> **What needs to be done**: Starting from the line containing "This paper classifies", write out the rest of the entries exactly, through the final line, including nothing else.

> **Material for this task**:
────────
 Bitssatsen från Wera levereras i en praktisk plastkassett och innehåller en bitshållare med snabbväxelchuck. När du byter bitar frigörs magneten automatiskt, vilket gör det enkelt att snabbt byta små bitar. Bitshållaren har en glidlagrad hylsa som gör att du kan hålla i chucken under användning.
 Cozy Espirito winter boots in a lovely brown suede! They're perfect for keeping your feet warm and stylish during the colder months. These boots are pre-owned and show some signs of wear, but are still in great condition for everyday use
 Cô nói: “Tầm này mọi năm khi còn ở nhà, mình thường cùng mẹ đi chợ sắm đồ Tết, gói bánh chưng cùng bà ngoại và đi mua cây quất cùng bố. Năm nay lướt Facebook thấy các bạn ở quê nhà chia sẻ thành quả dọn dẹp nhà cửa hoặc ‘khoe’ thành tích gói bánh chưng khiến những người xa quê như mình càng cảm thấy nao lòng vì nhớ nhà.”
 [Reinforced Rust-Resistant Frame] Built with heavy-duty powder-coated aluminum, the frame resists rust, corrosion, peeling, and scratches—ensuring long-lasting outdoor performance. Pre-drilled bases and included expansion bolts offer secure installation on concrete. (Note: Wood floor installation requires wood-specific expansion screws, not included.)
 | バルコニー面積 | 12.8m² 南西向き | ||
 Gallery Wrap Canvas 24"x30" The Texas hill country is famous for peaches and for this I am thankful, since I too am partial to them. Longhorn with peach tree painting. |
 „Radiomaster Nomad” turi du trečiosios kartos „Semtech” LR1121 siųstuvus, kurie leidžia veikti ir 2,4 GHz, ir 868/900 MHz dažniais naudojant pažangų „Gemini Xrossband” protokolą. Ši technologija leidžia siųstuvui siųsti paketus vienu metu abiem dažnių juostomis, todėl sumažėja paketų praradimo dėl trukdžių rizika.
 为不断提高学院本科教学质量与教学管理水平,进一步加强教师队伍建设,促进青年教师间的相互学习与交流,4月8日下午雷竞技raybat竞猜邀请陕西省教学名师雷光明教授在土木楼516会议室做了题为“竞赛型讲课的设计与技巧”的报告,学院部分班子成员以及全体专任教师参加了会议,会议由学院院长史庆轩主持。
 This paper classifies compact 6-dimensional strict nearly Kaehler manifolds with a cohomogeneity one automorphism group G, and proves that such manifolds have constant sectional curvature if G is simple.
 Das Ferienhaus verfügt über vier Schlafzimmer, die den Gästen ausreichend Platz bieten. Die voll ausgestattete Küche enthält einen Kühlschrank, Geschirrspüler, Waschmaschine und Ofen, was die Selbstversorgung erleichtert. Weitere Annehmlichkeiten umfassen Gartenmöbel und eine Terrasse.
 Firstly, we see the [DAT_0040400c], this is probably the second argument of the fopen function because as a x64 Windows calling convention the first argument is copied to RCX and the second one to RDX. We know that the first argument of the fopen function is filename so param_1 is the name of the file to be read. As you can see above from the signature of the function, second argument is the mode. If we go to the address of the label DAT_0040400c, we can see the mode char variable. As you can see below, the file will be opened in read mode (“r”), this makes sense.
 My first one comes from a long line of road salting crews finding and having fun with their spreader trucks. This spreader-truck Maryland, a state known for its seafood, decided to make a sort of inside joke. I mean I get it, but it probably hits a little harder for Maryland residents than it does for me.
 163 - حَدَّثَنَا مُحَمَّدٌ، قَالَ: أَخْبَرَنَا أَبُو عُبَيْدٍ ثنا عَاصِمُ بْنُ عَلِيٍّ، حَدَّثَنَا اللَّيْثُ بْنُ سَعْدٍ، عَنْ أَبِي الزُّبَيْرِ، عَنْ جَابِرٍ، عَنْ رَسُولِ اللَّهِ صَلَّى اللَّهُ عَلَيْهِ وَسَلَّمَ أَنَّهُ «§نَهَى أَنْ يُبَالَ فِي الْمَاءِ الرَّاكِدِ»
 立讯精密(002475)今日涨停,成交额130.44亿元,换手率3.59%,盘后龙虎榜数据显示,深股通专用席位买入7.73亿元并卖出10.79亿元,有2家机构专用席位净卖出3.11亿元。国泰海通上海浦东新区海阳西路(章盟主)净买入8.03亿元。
────────
> **Result for this task**:
 This paper classifies compact 6-dimensional strict nearly Kaehler manifolds with a cohomogeneity one automorphism group G, and proves that such manifolds have constant sectional curvature if G is simple.
 Das Ferienhaus verfügt über vier Schlafzimmer, die den Gästen ausreichend Platz bieten. Die voll ausgestattete Küche enthält einen Kühlschrank, Geschirrspüler, Waschmaschine und Ofen, was die Selbstversorgung erleichtert. Weitere Annehmlichkeiten umfassen Gartenmöbel und eine Terrasse.
 Firstly, we see the [DAT_0040400c], this is probably the second argument of the fopen function because as a x64 Windows calling convention the first argument is copied to RCX and the second one to RDX. We know that the first argument of the fopen function is filename so param_1 is the name of the file to be read. As you can see above from the signature of the function, second argument is the mode. If we go to the address of the label DAT_0040400c, we can see the mode char variable. As you can see below, the file will be opened in read mode (“r”), this makes sense.
 My first one comes from a long line of road salting crews finding and having fun with their spreader trucks. This spreader-truck Maryland, a state known for its seafood, decided to make a sort of inside joke. I mean I get it, but it probably hits a little harder for Maryland residents than it does for me.
 163 - حَدَّثَنَا مُحَمَّدٌ، قَالَ: أَخْبَرَنَا أَبُو عُبَيْدٍ ثنا عَاصِمُ بْنُ عَلِيٍّ، حَدَّثَنَا اللَّيْثُ بْنُ سَعْدٍ، عَنْ أَبِي الزُّبَيْرِ، عَنْ جَابِرٍ، عَنْ رَسُولِ اللَّهِ صَلَّى اللَّهُ عَلَيْهِ وَسَلَّمَ أَنَّهُ «§نَهَى أَنْ يُبَالَ فِي الْمَاءِ الرَّاكِدِ»
 立讯精密(002475)今日涨停,成交额130.44亿元,换手率3.59%,盘后龙虎榜数据显示,深股通专用席位买入7.73亿元并卖出10.79亿元,有2家机构专用席位净卖出3.11亿元。国泰海通上海浦东新区海阳西路(章盟主)净买入8.03亿元。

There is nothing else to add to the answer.